■ Task instructions
Each line starting at the one that contains "Value 500 Mon;" and ending at the one that contains "- Triggered by" must be returned exactly, and the rest of the listing is left out.

[[ Dataset records, beginning ]]

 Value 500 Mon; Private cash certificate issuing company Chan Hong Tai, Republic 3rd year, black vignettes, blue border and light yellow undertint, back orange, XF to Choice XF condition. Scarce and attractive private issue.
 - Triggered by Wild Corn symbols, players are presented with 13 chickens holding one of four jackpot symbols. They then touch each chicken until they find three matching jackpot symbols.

[[ Dataset records, end ]]
[[ Dataset records, beginning ]]

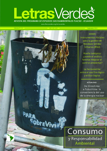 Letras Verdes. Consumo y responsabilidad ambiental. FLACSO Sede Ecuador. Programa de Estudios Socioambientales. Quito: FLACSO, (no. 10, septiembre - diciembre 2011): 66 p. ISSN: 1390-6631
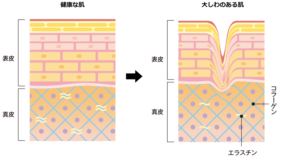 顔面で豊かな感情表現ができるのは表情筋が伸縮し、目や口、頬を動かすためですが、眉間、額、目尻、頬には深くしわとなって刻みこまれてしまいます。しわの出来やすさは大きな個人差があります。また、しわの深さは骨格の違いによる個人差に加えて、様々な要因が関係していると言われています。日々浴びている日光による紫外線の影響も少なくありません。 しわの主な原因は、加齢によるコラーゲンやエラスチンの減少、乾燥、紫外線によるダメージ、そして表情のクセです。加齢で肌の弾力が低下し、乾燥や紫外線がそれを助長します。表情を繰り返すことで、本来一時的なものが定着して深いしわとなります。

[[ Dataset records, end ]]

■ Solution for this exercise
 Value 500 Mon; Private cash certificate issuing company Chan Hong Tai, Republic 3rd year, black vignettes, blue border and light yellow undertint, back orange, XF to Choice XF condition. Scarce and attractive private issue.
 - Triggered by Wild Corn symbols, players are presented with 13 chickens holding one of four jackpot symbols. They then touch each chicken until they find three matching jackpot symbols.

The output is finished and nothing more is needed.